Input data below:

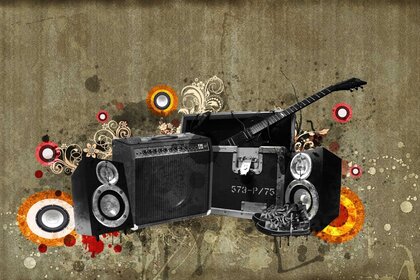 Gitara elektryczna z głośnikami i wzmacniaczem
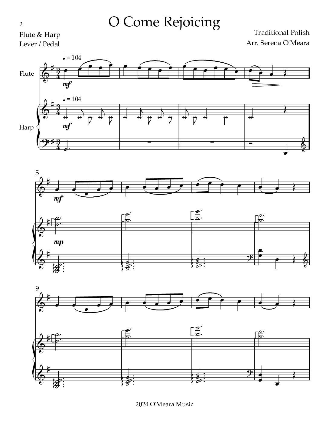 A jubilant arrangement of O Come Rejoicing for Lever or Pedal Harp. Within four verses this joyful Carol incorporates numerous sound effects on the harp: knocking, harmonics, glissandos plus canon form and high, twinkling notes. Score & Parts, 14 pages.
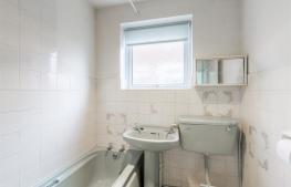 Suite comprising low flush WC, pedestal washbasin and panelled bath with Mira Sport shower over. Airing cupboard with hot water cylinder. Wall mounted fan heater. UPVC double-glazed window to the side.
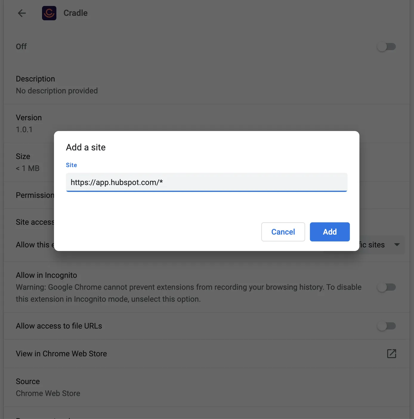 - In the box that appears enter the URL of your CRM with a wildcard (*) at the end. So for HubSpot you would enter https://app.hubspot.com/*.
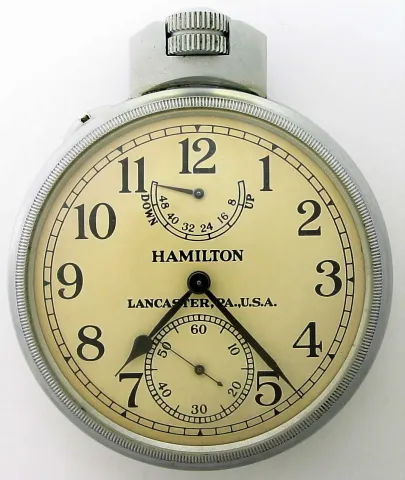 Hamilton Watch Co. Model 22 deck watch with 48 hour wind indicator 35S 21J, stem wind, pin and pendant set, Adj to Temp and 6 pos, parallel line damascene nickel movement with lever escapement and micrometric regulator with Arabic numeral metal dial and b
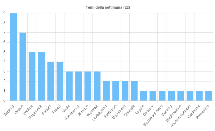 Sono 22 i temi sfruttati questa settimana per veicolare le campagne malevole sul territorio italiano. In particolare si rileva:
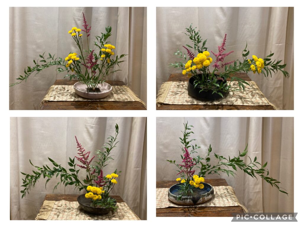 Cette semaine nous avons pratiqué en employant des Ruscus d’Italie pour apprendre la forme courbée.

End of Input data.

(Your objective): Line by line, reproduce the material above exactly, leaving each picture out.

(Completed exercise):
 Gitara elektryczna z głośnikami i wzmacniaczem
 A jubilant arrangement of O Come Rejoicing for Lever or Pedal Harp. Within four verses this joyful Carol incorporates numerous sound effects on the harp: knocking, harmonics, glissandos plus canon form and high, twinkling notes. Score & Parts, 14 pages.
 Suite comprising low flush WC, pedestal washbasin and panelled bath with Mira Sport shower over. Airing cupboard with hot water cylinder. Wall mounted fan heater. UPVC double-glazed window to the side.
 - In the box that appears enter the URL of your CRM with a wildcard (*) at the end. So for HubSpot you would enter https://app.hubspot.com/*.
 Hamilton Watch Co. Model 22 deck watch with 48 hour wind indicator 35S 21J, stem wind, pin and pendant set, Adj to Temp and 6 pos, parallel line damascene nickel movement with lever escapement and micrometric regulator with Arabic numeral metal dial and b
 Sono 22 i temi sfruttati questa settimana per veicolare le campagne malevole sul territorio italiano. In particolare si rileva:
 Cette semaine nous avons pratiqué en employant des Ruscus d’Italie pour apprendre la forme courbée.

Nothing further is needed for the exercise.